Disturbed and intrigued by the case, Carrère begins a correspondence with Romand. “I am not approaching you out of some unhealthy curiosity or a taste for the sensational”, he writes in his letter. “What you have done is not in my eyes the deed of a common criminal, or that of a madman, either, but the action of someone pushed to the limit by overwhelming forces, and it is these terrible forces I would like to show at work”.

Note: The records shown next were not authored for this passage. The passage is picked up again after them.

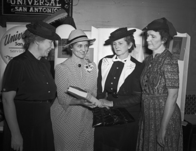 The goal of the People's Library Movement is for every Texan to have library service. A permanent organization is being formed with that objective in mind. Leaders of the movement met at the Blackstone Hotel. They are, left to right, Mrs. George West Diehl, Mrs. E. H. Marek, Mrs. John C. Murphree, and Mrs. L. R. Wade. Mrs. Diehl, of Corpus Christi, Texas, is dressed in a hat, button-up blouse, and a skirt. Mrs. Marek, of Yoakum, Texas, is wearing a hat and a polka-dot dress. Mrs. Murphree, of Dallas, Texas, is dressed in a hat, a blouse with pearl buttons and a wide collar, and a skirt. Mrs. Wade, of Livingston, Texas, is wearing a hat and a button-down dress.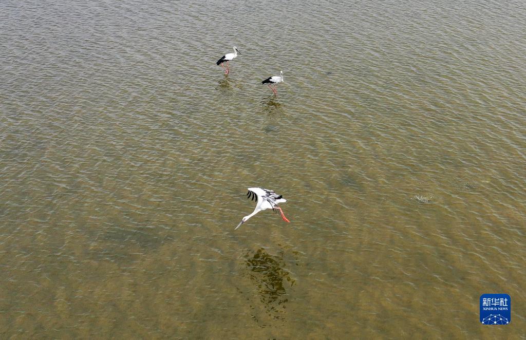 東方白鸛在東臺條子泥濕地覓食(8月31日攝)。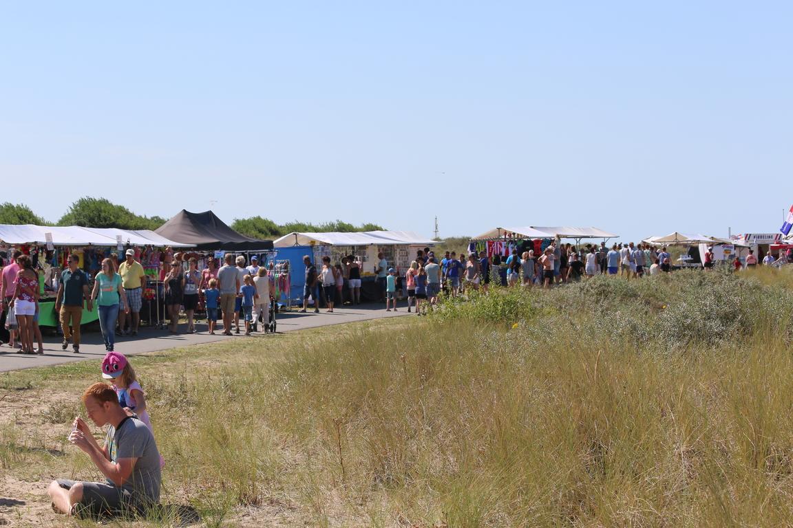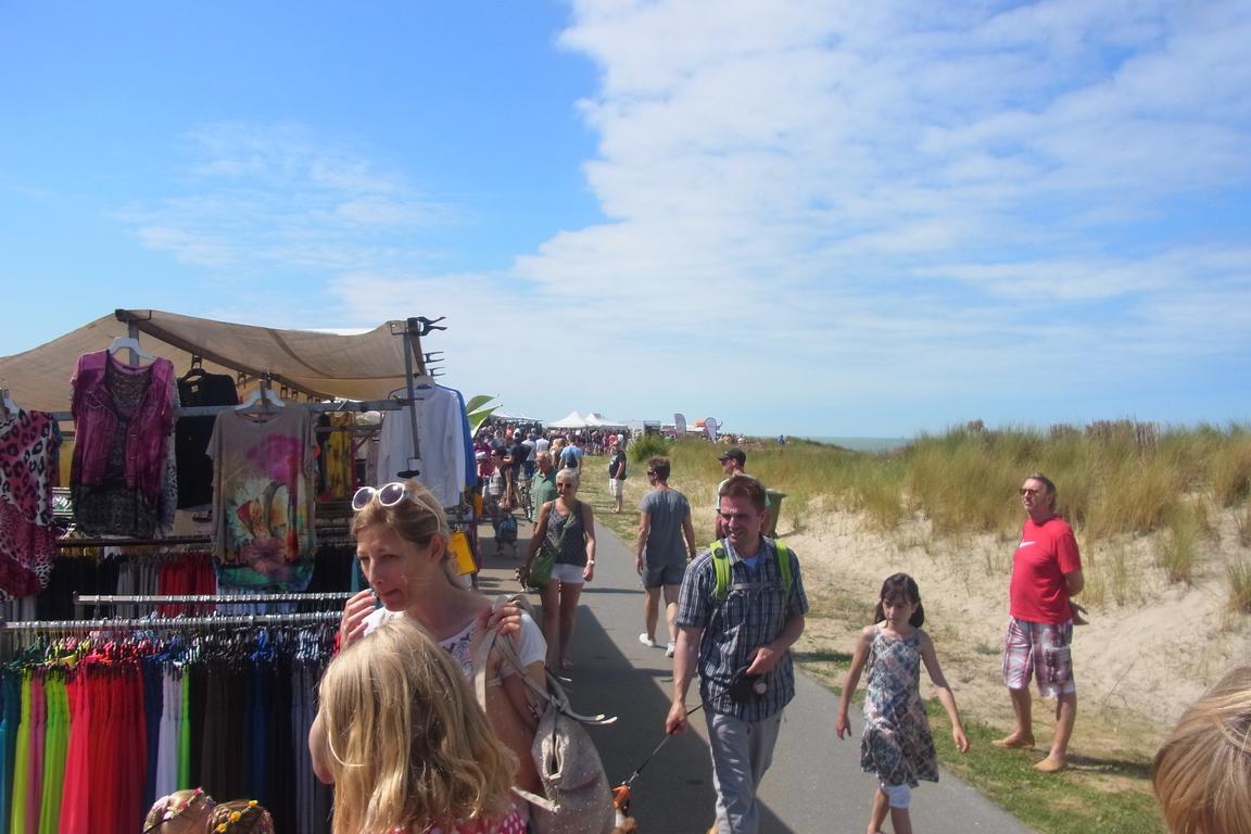 Rommelmarkt und Dünenwegfest in Nieuwvliet-Bad: Auf dem Weg der Deichkrone zwischen Nieuwvliet-Bad und Groede mit Blick über Dünen, Strand und Nordsee tummeln sich Einheimische und Gäste ein Mal im Jahr auf Nieuwvliets „Zomermarkt“: 120 fliegende Händler bieten modische Sonnenbrillen, Bikinis und T-Shirts, praktisches Werkzeug und Zubehör für Auto, Motorrad und Fahrrad oder flechten Rasta-Locken und neonfarbene Haarsträhnen. Zwischendurch laden Gastro-Stände mit geräuchertem Aal und Pommes-Frites, „Pannekoeken“ und Waffeln zum Pausieren vom Shopping und Sightseeing auf den Dünen von Nieuwvliet-Bad ein.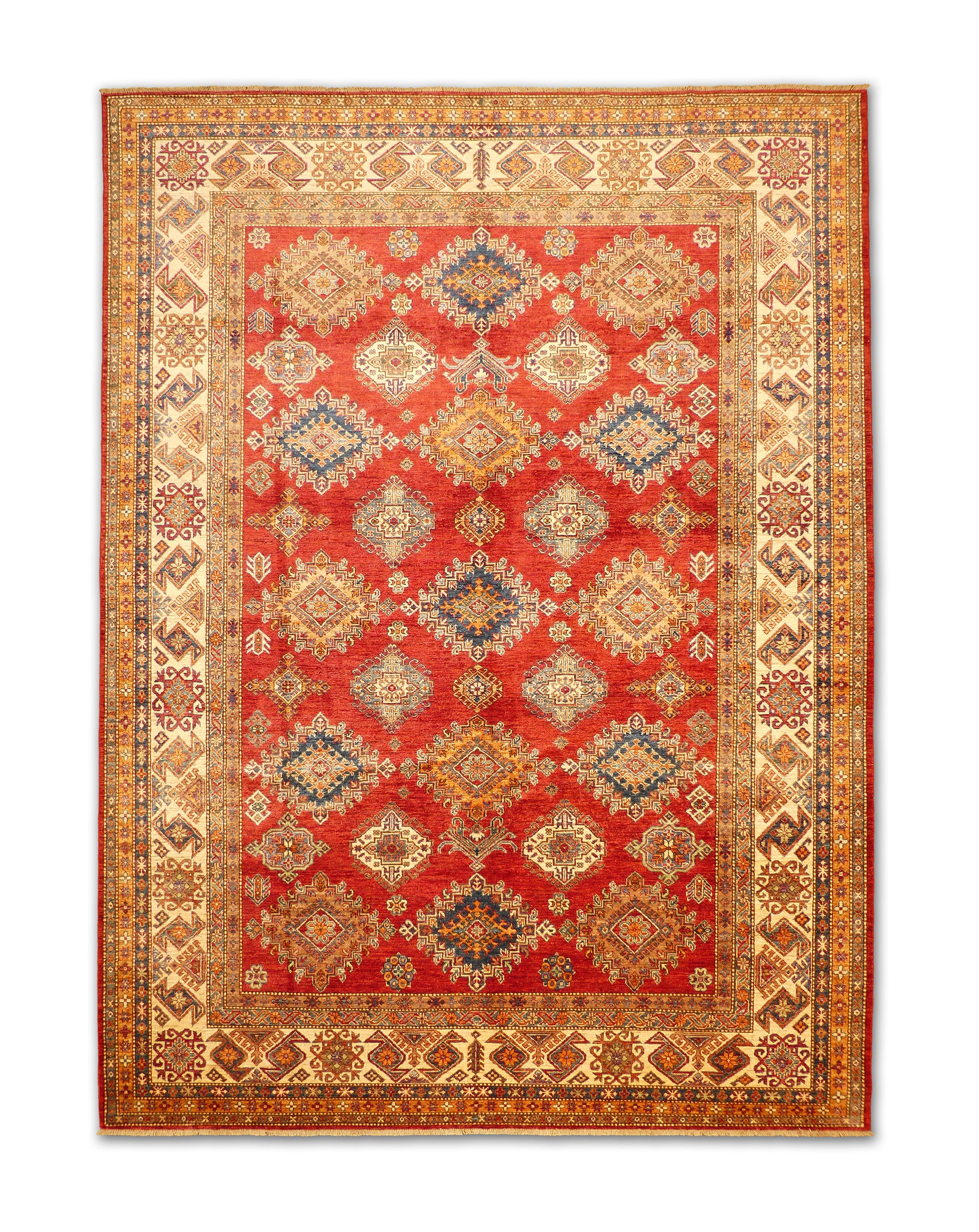 This handmade rug showcases a striking field of diamond medallions set against a deep red background, framed by ivory and multicolor borders with intricate tribal motifs. The palette of navy, rust, gold, and soft blue enhances its bold yet balanced character. The detailed symmetry and warm tones make it ideal for adding richness and depth to classic or transitional interiors.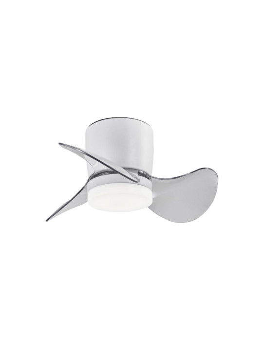 Ventilador de techo Jueric, modelo DUBAI color blanco con motor DC silencioso y 6 velocidades. Tiene tres aspas fabricadas con ABS en color transparente

Inspired by Truman Capote’s In Cold Blood, Carrère tries to write a book on Romand’s story for six years without success. A few days after abandoning the project, he writes a simple memo that draws a parallel between Romand and himself. And that’s when he understands that it was only a matter of being a present and implicated narrator. The Adversary thus becomes a possible book to write. Two years later, French film-director Nicole Garcia adapts it into a film.
Eighteen years of lies
During the investigation, Roland’s story takes an uncanny twist. It turns out that he, the killer, was neither a doctor nor an employee of the World Health Organisation. Roland had been living a lie for eighteen years. He started lying in his second year of medical school when he failed an exam but said it went well. Then he pretended to graduate and kept up the fiction with his friends and family. “When you get caught in that endless effort not to disappoint people, the first lie leads to another, and then it’s your whole life”, said Romand during the trial.

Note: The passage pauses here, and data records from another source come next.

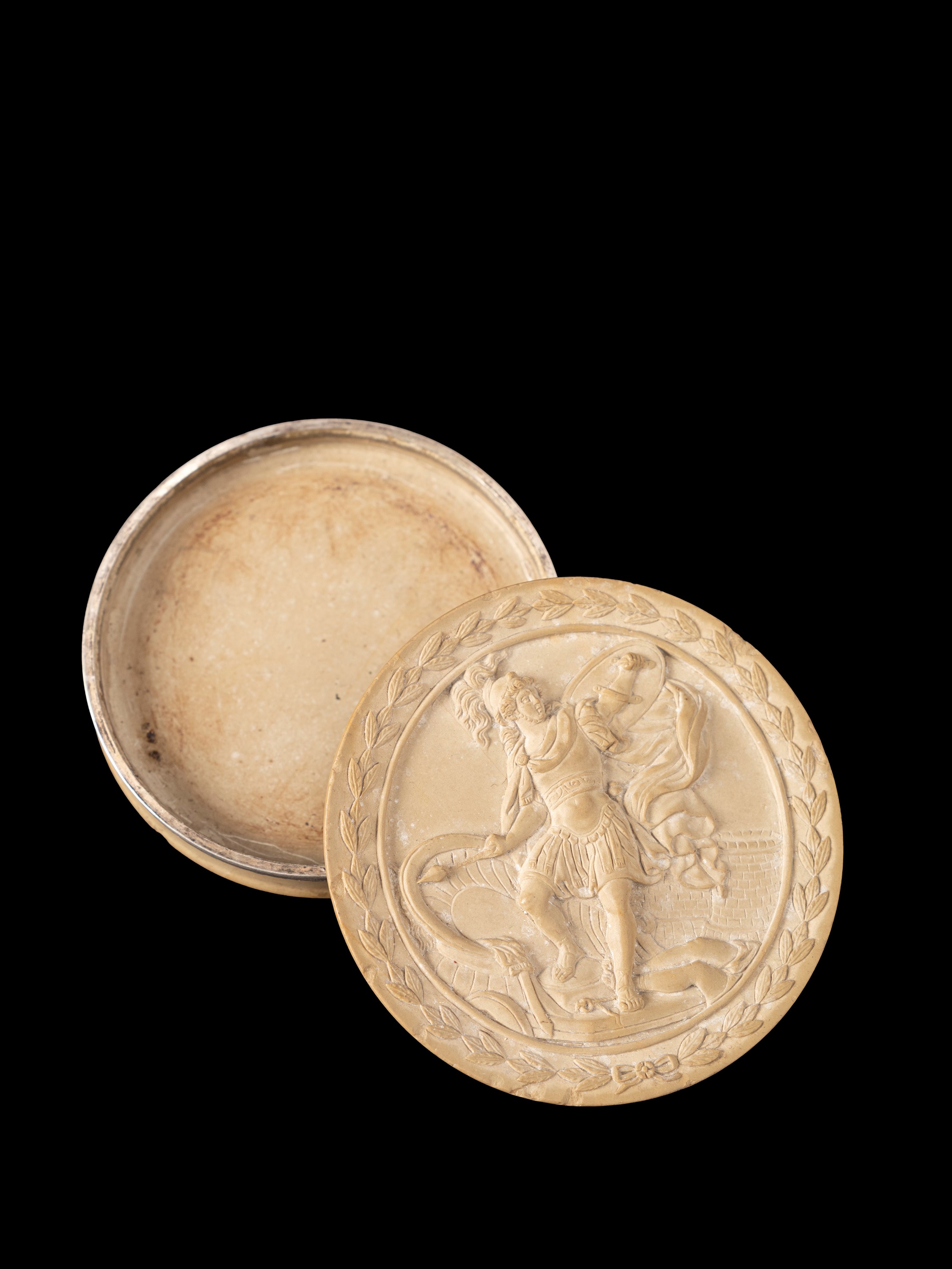 Di forma circolare, raffigurante soldato con lancia e scudo.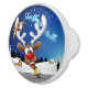 A Funny cartoon reindeer with a bright red nose and large white antlers, adorned with a red and gold bow, peeks through an open window. Outside, a snowy landscape with silhouetted pine trees and a small, glowing house is visible under a dark blue, star-filled night sky. Santa's sleigh pulled by reindeer is flying in the distance. The scene evokes a festive and whimsical Christmas atmosphere. Original Vector Art Copyright BluedarkArt TheChameleonArt.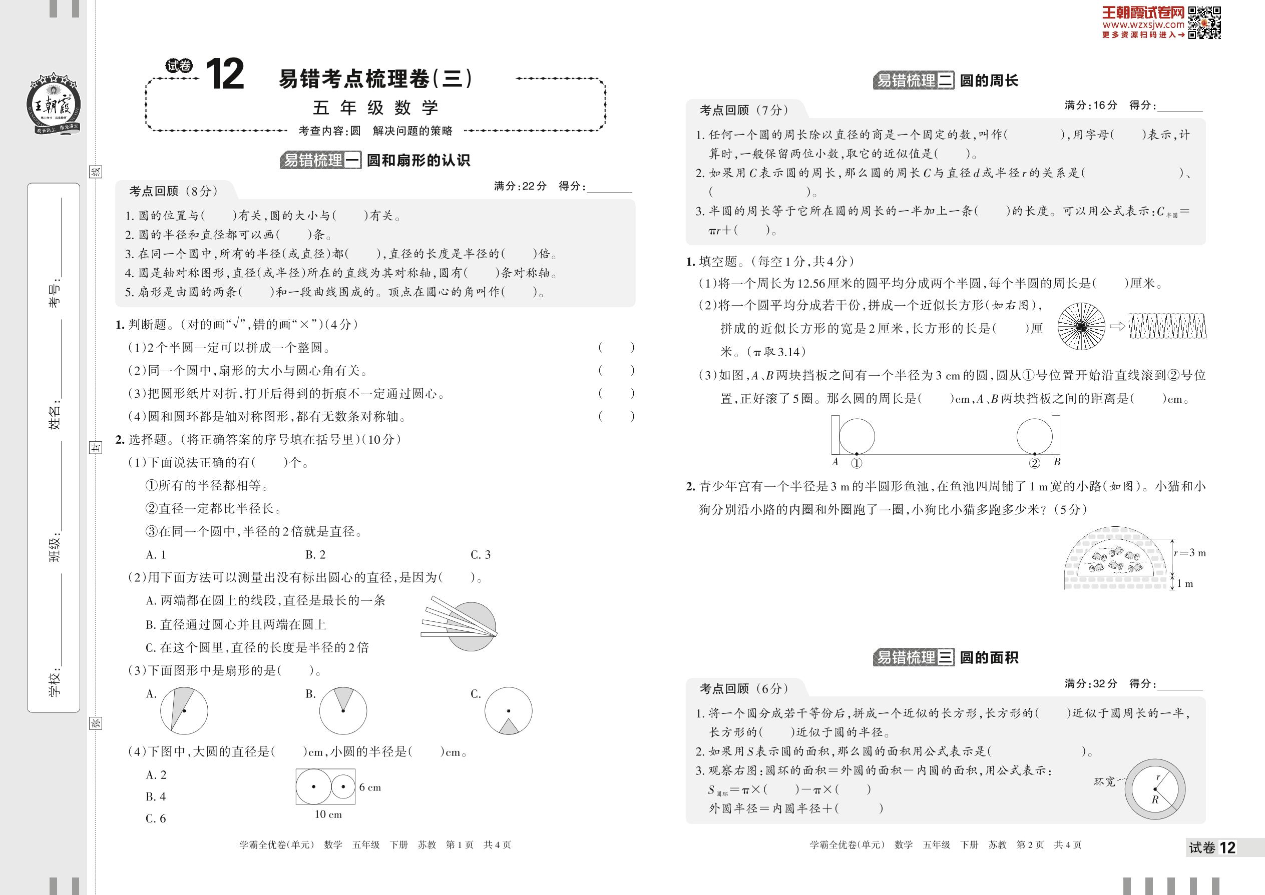 2023下册五年级数学苏教版 试卷12 易错考点梳理卷(三)

Instead of going to his supposed office at WHO in Geneva, he would sit for hours in his car. To financially support his family, he created more lies and convinced his relatives to give him their savings for profitable investment. And once again, no one suspected anything. When he realised that his secret was about to unravel, Romand decided to destroy everything: murdering his family was better than telling the truth. On the 9th January 1993 he killed his wife, his two children and his parents. Then he drove to Paris and attempted to strangle his mistress. After spending the next day at home with the bodies of his dead family, he swallowed the barbiturates and set fire to the house.
Carrère’s novels of nonfiction
Carrère is one of France’s most acclaimed contemporary writers, especially famous for merging and bending genres. As Wyatt Mason noted in the New York Times, his “books are hybrids, marrying deep reporting to scholarly exploration of theology, philosophy, psychology, personal history and historiography”.
The Adversary marks the beginning of his sequence of nonfiction novels that include My Life as a Russian Novel, Lives Other Than My Own, Limonov and The Kingdom. He narrates real stories in the first person, from his point of view, through his eyes. In The Adversary, thus, one reads the true story of Roland and that of Carrère. Although it may sound egocentric and narcissistic, that’s how he brings readers closer to the lives of others. As Carrère argues,
I don’t think you can put yourself in other people’s positions. Nor should you. All you can do is occupy your own, as fully as possible, and say that you are trying to imagine what it’s like to be someone else, but say it’s you who’s imagining it, and that’s all.